A growing structural issue is emerging in Australia’s new housing market. The price point of newly built apartments has become increasingly misaligned with what buyers are willing and able to spend.

This gap is being driven by high construction costs for apartments which mean developers must target higher sale prices to make projects viable. The result is a pipeline of predominantly premium apartment stock.

 

Over the first quarter of 2026, 56% of new apartments listed for sale on realestate.com.au were priced at $1.5 million or above, well above the national median unit price which was $739,000 in March.

Buyer budgets, however, remain firmly below this level.

According to REA Group’s New Homes Insights Series, there is a significant mismatch between the budgets of buyers and the price points at which new apartment developments are being listed.

The New Homes Insights Series surveyed 2,016 recent and prospective buyers of new homes over February and March 2026, asking them about their budgets.

Among those who recently purchased or were looking to purchase a new apartment, just 12% were looking to spend above $1.5 million. Three-in-four were looking to spend under $1 million.

In contrast, just 26% of new apartment development listings were priced below $1 million over the same period.

Queensland is the state with the biggest misalignment between supply and demand. Across the state, 73% of new apartment listings were priced at above $1.5 million, while 90% were priced above $1 million.

Buyer budgets, in contrast, were typically below this level, with just 12% looking to spend above $1.5 million. Similar mismatches were seen in Queensland and Western Australia.

Surprisingly, $1.5 million-plus listings made up a smaller share of the total in New South Wales and the Australian Capital Territory, accounting for 39% of new apartment listings. But while lower, this remained the most common price category.

A key contrast emerges when comparing apartments to house and land developments.

In the detached housing segment, buyer budgets are far more closely aligned with advertised price points for new supply.

House and land packages are typically structured around affordability thresholds supported by land economics, construction staging, and targeted first-home buyer demand. They also tend to be in more affordable areas where the price of land is lower.

This alignment is far less evident in the apartment sector, where construction costs, height constraints, planning requirements, and financing structures result in higher break-even points for developers. Projects are also often located in highly sought after suburbs where land costs are higher.

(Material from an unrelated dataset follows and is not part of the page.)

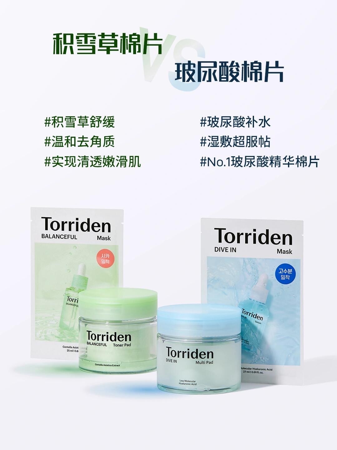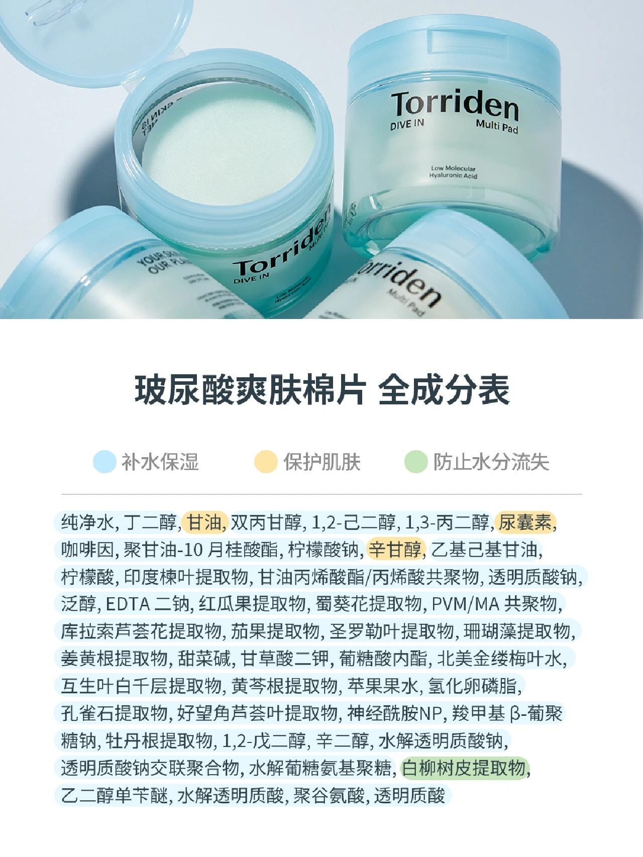 韩国Torriden桃瑞丹5重玻尿酸/积雪草 爽肤棉片改善肌理收毛孔去角质 舒缓 湿敷

Queensland has the biggest mismatch with 73% of new apartment listings priced above $1.5 million despite just 12% of buyers having that budget. Picture: realestate.com.au

The underlying issue is cost. Rising construction expenses, labour shortages, financing costs, and regulatory requirements mean that delivering new apartments at sub-$1 million price points is increasingly difficult in most locations.

As a result, feasibility calculations are forcing developers to target higher sale prices, even when underlying demand is concentrated in lower price brackets.

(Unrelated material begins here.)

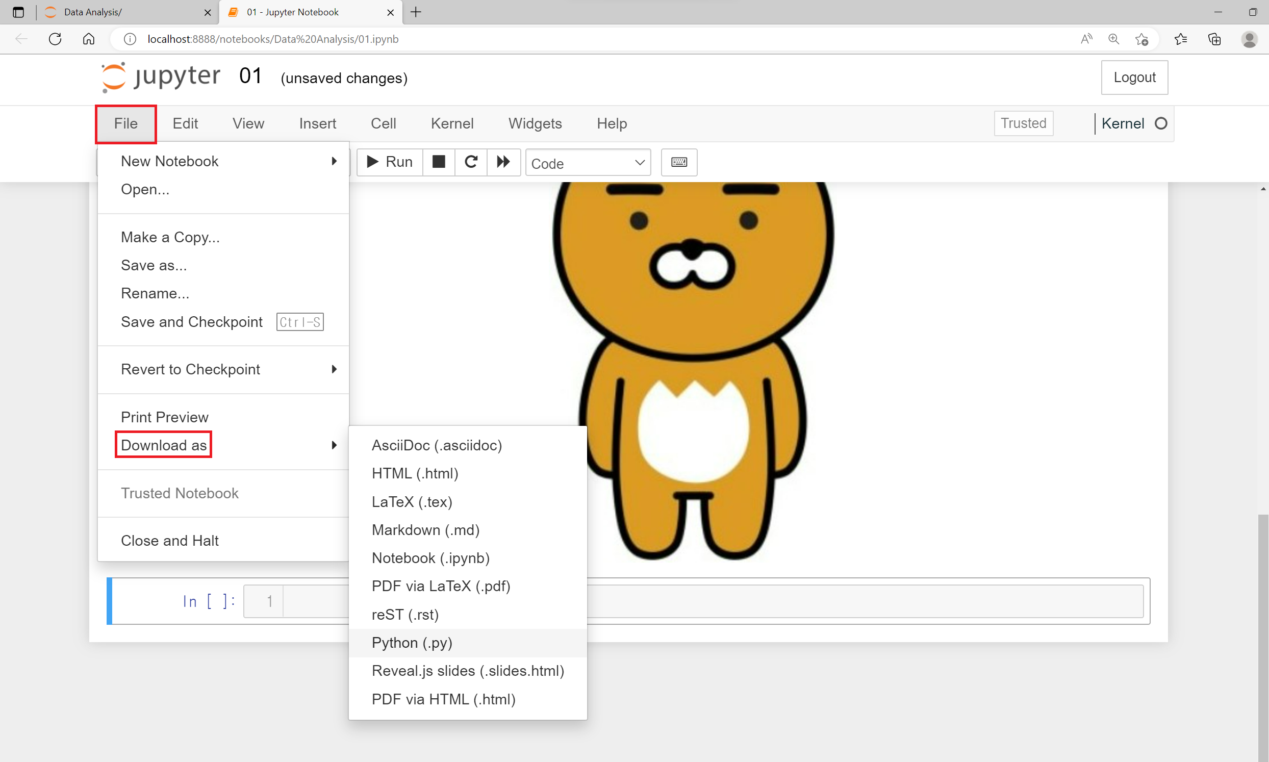 그리고 파일 형식을 바꾸어 코드를 저장하거나 다운로드하려면 File을 눌러 Download as를 선택해 주고 원하는 파일의 형식을 눌러 다운로드해 주면 됩니다.

The implications for future housing supply are significant.

While dwelling approvals for apartments have shown signs of recovery, this persistent mismatch between what is being built and what buyers can afford is likely to act as a constraint on pre-sales and ultimately new project commencements.

At a time when Australia is already facing structural undersupply in housing, this affordability disconnect risks becoming another brake on new apartment delivery.

Without a shift in either construction costs, design expectations, or policy settings that better align feasibility with demand, the gap between what is being built and what buyers can afford is likely to remain a key challenge for the apartment sector.